A PolyMeasure (or measure) represents a SQL "group by one view, evaluate over another" statement, with options
for supplying the usual SQL operators or modifying the evaluation in other programmatic ways.
The class provides a framework for creating analysis expressions over SQL database systems, in particular the
duckdb SQL engine.

A PolyMeasure has four main components

- an inner SQL view, also a PolyMeasure
- a list of outer PolyMeasures to evaluate over that view,
- a list of dimensions to group the inner view by, and
- a list of FilterExpression objects representing filters

The function `evaluate()` returns a SQL statement, built recursively from those components.

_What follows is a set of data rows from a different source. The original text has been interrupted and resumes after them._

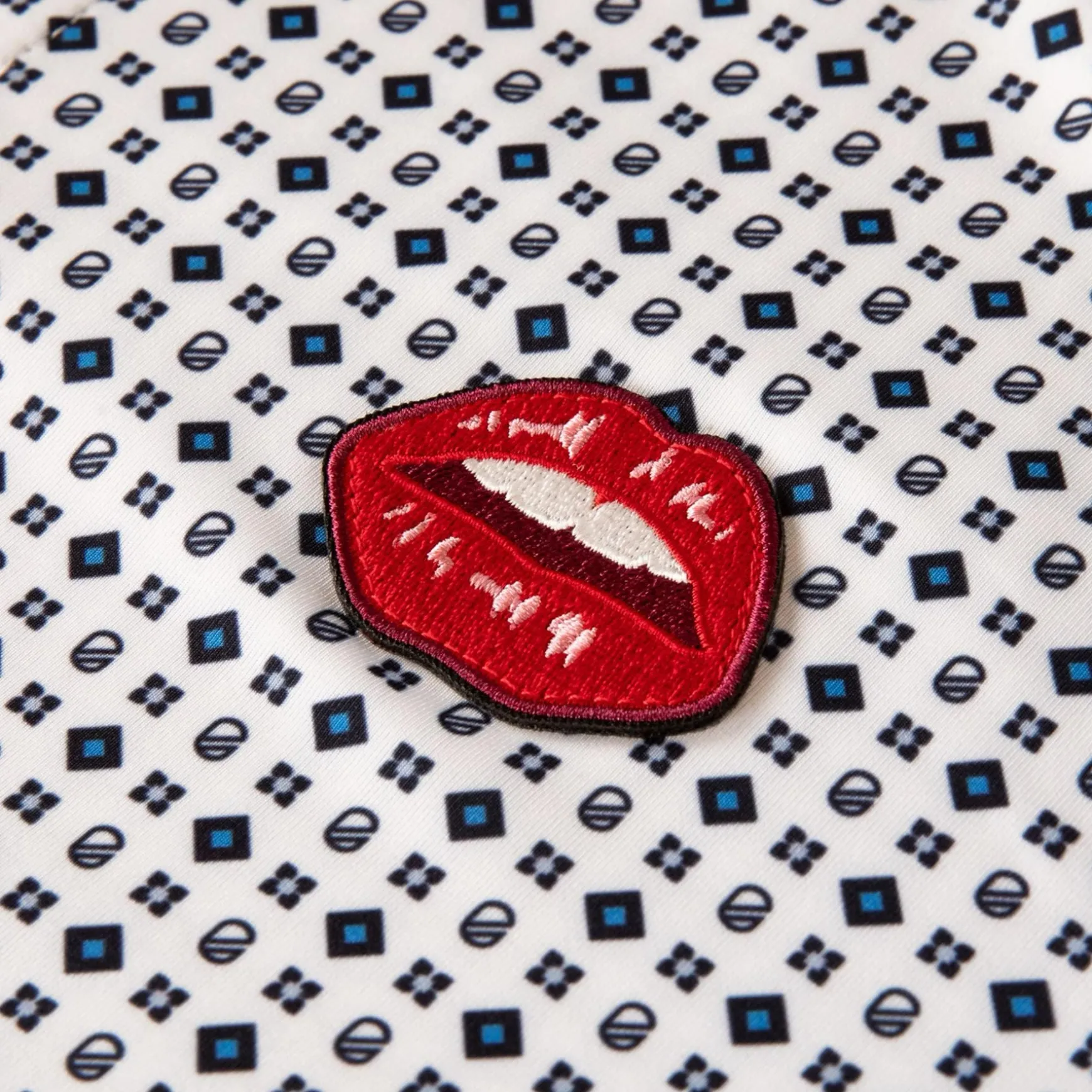 * Signature Branding: Features an embroidered “Bisou” lips patch at the left chest for a bold, stylish detail.
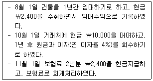 다음은 (주)한국과 관련된 거래이다. 기말 수정분개가 재무제표에 미치는 영향으로 옳은 것은? (단, 기간은 월할 계산한다)
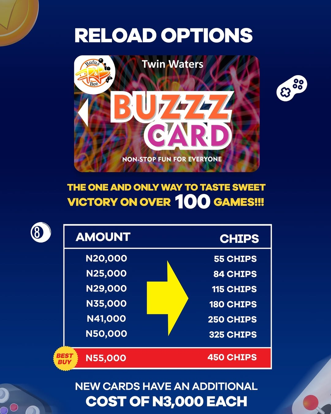 Get a buzz card, Load chips in it at the front desk and proceed to tap on your game choice and play.

Passing this SQL expression
to a capable SQL engine allows the user to rapidly compute very complex calculations, for use in processing or visualisation.
Post-aggregation options like order by.. and having.. can be supplied as arguments to the PolyMeasure or evaluate() call.
Where clauses are created by abstract python `FilterExpression` objects that can also leverage their own subexpressions.

## Installation

`python -m pip install polymeasure` with a dependency on sqlparse if you want to prettify the resulting SQL

## Why code this

Partly because Malloy's marketing didn't reach me in time, and partly because I'm a fan of doing things myself, and writing SQL myself.
PolyMeasures began as a wrapper class to help me filter views so that I could create user-driven analytical apps in Streamlit for the biz.

As a PowerBI developer working in the DAX language I nurtured an appreciation for functionally-programmed metrics that can

 - computer advanced, multi-aggregation-step analytics..
 - over arbitrary user-defined filter contexts.

What I did not enjoy was being severed from my code repository and my nice neat IDE, comments, version control, code hyperlinking linting and
probably most of all, debugging. And Streamlit, Plotly and co. can produce astonishing visualisations (I like dense visuals), 
inside bootstap-templated, gorgeous and mostly very responsive data applications (being very selective with the cross-filtering functionality).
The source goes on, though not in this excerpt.